Исследователь творчества А. Дросте Ф. Шмидт обращает внимание на решающую роль дворянской среды, специфики воспитания будущей поэтессы для становления метода писательницы: «У выросшей в старом романтическом рыцарском замке поэтессы рано развилось чувство поэтического воображения». Ф. Шмидт пишет о том, что в области поэзии не найдешь ни одной женщины-поэтессы, у которой «была бы такая сила и смелость языка, как у Дросте: «В её лирических Песнях нас восхищает её ласка, нежность, любвеобильная душа, её глубокий характер, её высокая серьёзность, её жизненный смысл, живое чувство к семейной жизни и сила её убеждения». «И мы должны подчеркнуть, что поэтесса не идет по следам великих предшественников, у неё свой собственный путь. В большинстве своих произведений она поражает смелостью своей фантазии. Особенно это видно в таких произведениях, как «Die Krahen», «Die junge Mutter», «Der Knabe im Moor».

Рудольф Ибель в послесловии к томику стихотворений Дросте сосредоточивается на изучении путей формирования поэтической личности поэтессы, опираясь на уже имеющиеся в литературоведческой науке данные. Исследователь концентрирует внимание на новых, неизученных мотивах, но не показывает основного направления эволюции творческого пути сочинительницы в целом. Ведущим в работе становится достаточно неопределённый, старый, восходящий к социологическому подходу исследования творчества поэтессы тезис о зависимости Дросте от среды: «Аннетта чувствовала себя чем-то обязанной родственникам, семье, церковным традициям, она оставалась близка повседневным домашним и хозяйственным заботам». Раскрывая прежде не замечающуюся исследователями грань поэтической личности Дросте, Ибель отмечает культ прошлого в её жизни. Она была страстной собирательницей старинных монет, фигурных камней, гравюр на меди, и в особенности раковин и окаменелостей. Здесь она искала следы прошлого, стараясь сберечь и сохранить его: «От огня прошлого оживлялась её, по-видимому, вконец застывшая жизнь. Даже её почти самоубийственные связи с родом, её любовь к обычному, старому и прошлому. Влечение к прошлому определяет частично реакционные взгляды. Аннетта Дросте враждебна революционным стремлениям молодёжи Германии». Р. Ибель явно увлекается отождествлением прошлого, старины и реакционного, поэтому для него интерес к древности почти равнозначен консервативности духа, что он не смог подтвердить анализом поэтических текстов. Разумеется, в этих построениях преобладает социологический подход к поэзии, и концепция творчества Дросте поэтому выглядит весьма умозрительной, оторванной от конкретики творчества. К тому же формулировка Ибеля, применяемая к Дросте, является неподходящей, на наш взгляд, к наполненной внутренними беспрерывными исканиями, ищущей новых путей самовыражения поэтессе. Формула «вконец застывшая жизнь» вряд ли однозначно приложима к творческому наследию А. Дросте. Однако замечание Р. Ибелем утончённой, импрессионистской манеры видения мира великой поэтессой достаточно ценно и показывает гениальное предвосхищение А. Дросте в будущих направлениях развития немецкой поэзии: «В уединённости, на природе, зрело поэтическое мастерство Дросте, в котором объединены таинственные ужасы мира с картинами и блеском мельчайших импрессионистски увиденных явлений».

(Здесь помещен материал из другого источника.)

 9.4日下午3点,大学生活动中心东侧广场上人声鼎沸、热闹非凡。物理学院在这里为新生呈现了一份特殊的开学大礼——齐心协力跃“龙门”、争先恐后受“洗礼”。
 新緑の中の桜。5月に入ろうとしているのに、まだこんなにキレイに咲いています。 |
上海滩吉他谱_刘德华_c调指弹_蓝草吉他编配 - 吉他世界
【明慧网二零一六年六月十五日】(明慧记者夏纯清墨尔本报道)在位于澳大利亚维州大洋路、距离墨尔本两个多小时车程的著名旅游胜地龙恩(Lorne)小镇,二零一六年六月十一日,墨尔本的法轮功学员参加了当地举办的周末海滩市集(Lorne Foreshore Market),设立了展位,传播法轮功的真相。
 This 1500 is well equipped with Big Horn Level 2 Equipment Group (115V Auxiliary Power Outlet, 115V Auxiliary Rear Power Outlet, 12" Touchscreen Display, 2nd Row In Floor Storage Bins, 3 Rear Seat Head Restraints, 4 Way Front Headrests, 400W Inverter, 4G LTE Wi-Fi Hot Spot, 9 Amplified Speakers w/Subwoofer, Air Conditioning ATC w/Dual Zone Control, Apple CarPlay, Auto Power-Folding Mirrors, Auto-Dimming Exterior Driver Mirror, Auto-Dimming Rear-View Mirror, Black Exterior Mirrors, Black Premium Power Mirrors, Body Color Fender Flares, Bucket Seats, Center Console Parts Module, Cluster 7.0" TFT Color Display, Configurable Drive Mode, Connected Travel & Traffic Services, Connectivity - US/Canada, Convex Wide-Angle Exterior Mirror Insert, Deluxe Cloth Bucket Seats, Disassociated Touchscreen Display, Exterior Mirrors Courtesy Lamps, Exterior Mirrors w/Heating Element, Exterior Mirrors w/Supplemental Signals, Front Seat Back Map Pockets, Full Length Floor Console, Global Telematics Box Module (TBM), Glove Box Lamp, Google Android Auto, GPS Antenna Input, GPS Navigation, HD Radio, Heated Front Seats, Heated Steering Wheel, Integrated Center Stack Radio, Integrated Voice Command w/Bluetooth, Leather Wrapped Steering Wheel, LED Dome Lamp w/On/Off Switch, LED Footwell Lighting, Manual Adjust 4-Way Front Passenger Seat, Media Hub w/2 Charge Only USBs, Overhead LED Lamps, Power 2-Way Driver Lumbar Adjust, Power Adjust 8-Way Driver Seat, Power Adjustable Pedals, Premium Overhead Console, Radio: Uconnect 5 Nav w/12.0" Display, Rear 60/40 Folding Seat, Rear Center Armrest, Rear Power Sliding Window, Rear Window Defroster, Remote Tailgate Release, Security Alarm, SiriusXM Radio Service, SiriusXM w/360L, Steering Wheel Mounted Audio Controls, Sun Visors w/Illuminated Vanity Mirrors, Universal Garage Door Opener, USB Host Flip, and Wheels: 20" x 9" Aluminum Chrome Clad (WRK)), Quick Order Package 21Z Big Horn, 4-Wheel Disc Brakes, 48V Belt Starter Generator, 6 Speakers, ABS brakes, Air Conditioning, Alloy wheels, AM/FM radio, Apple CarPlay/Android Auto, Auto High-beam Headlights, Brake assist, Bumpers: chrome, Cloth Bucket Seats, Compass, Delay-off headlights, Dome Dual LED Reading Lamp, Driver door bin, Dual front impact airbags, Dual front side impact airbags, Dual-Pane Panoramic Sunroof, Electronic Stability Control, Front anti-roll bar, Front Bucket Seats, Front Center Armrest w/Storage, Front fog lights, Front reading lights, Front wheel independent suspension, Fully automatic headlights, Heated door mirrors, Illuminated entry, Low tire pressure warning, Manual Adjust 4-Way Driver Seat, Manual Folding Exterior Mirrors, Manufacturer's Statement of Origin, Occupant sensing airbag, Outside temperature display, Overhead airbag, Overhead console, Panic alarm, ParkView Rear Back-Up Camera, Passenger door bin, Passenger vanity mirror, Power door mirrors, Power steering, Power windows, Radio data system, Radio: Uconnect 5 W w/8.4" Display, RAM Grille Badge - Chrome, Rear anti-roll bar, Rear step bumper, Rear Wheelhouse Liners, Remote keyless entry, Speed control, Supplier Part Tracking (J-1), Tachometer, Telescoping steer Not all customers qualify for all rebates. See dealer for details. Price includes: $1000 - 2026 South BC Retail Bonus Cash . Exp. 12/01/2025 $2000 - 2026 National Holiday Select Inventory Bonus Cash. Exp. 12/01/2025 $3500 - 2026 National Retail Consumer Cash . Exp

Сторонники узко биографической трактовки творчества А. Дросте в XX веке (Геердтс, Ибель, Бруссе) видели в личной жизни поэтессы «поводы» для создания того или иного произведения, что представляется упрощением и ведёт к излишнему акцентированию биографической основы и «интимизации» творчества писательницы. Такая концепция, хотя и не лишена оснований, но всё же неспособна исчерпать всю глубину и разнообразие творчества Дросте. Этот подход, по-видимому, должен быть дополнен другими, прежде всего конкретным анализом лирики поэтессы с точки зрения исторической поэтики.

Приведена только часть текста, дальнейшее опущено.